Отпали младенцы от грудей. Завалилось на кровати мёртвое тело, придавило одну девочку, вывернуло ей ножку. Поднялся я над селом, хотел отнести душу богу, подхватил меня ветер, повисли у меня крылья, отвалились, и пошла душа одна к богу, а я упал у дороги на землю.
XI
И поняли Семён с Матрёной, кого они одели и накормили и кто жил с ними, и заплакали они от страха и радости.
И сказал ангел:
– Остался я один в поле и нагой. Не знал я прежде нужды людской, не знал ни холода, ни голода, и стал человеком. Проголодался, измёрз и не знал, что делать. Увидал я – в поле часовня для бога сделана, подошёл к божьей часовне, хотел в ней укрыться. Часовня заперта была замком, и войти нельзя было. И сел я за часовней, чтобы укрыться от ветра. Пришёл вечер, проголодался я и застыл и изболел весь. Вдруг слышу: идёт человек по дороге, несёт сапоги, сам с собой говорит. И увидал я впервой смертное лицо человеческое после того, как стал человеком, и страшно мне стало это лицо, отвернулся я от него. И слышу я, что говорит сам с собой этот человек о том, как ему своё тело от стужи в зиму прикрыть, как жену и детей прокормить. И подумал: «Я пропадаю от холода и голода, а вот идёт человек, только о том и думает, как себя с женой шубой прикрыть и хлебом прокормить. Нельзя ему помочь мне». Увидал меня человек, нахмурился, стал ещё страшнее и прошёл мимо. И отчаялся я. Вдруг слышу, идёт назад человек. Взглянул я и не узнал прежнего человека: то в лице его была смерть, а теперь вдруг стал живой, и в лице его я узнал бога. Подошёл он ко мне, одел меня, взял с собой и повёл к себе в дом. Пришёл я в его дом, вышла нам навстречу женщина и стала говорить.

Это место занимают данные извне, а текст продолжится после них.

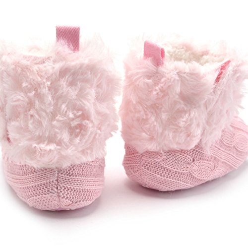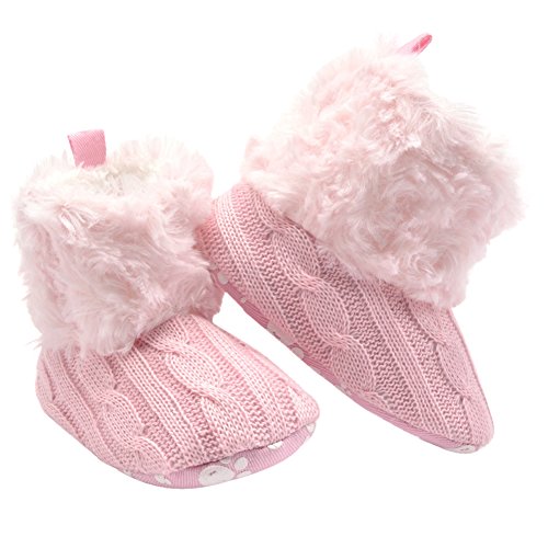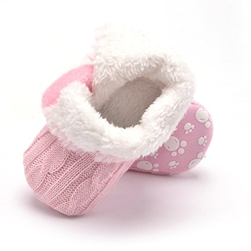 QIAONAI 赤ちゃん 可愛い靴 ベビーシューズ ファーストシューズ 歩行練習靴 もこもこ ニート 裏起毛 暖かい 柔らかい底 滑り止め ベビーシューズ 幼児用 ウールの靴 冬 出産祝い (S, ピンク)

Женщина была ещё страшнее человека – мёртвый дух шёл у неё изо рта, и я не мог продохнуть от смрада смерти. Она хотела выгнать меня на холод, и я знал, что умрёт она, если выгонит меня. И вдруг муж её напомнил ей о боге, и женщина вдруг переменилась. И когда она подала нам ужинать, а сама глядела на меня, я взглянул на неё – в ней уже не было смерти, она была живая, и я и в ней узнал бога.
И вспомнил я первое слово бога: «Узнаешь, что есть в людях». И я узнал, что есть в людях любовь. И обрадовался я тому, что бог уже начал открывать мне то, что обещал, и улыбнулся в первый раз. Но всего не мог я узнать ещё. Не мог я понять, чего не дано людям и чем люди живы.
Стал я жить у вас и прожил год. И приехал человек заказывать сапоги такие, чтобы год носились, не поролись, не кривились. Я взглянул на него и вдруг за плечами его увидал товарища своего, смертного ангела. Никто, кроме меня, не видал этого ангела, но я знал его и знал, что не зайдёт ещё солнце, как возьмётся душа богача. И подумал я: «Припасает себе человек на год, а не знает, что не будет жив до вечера». И вспомнил я другое слово бога: «Узнаешь, чего не дано людям».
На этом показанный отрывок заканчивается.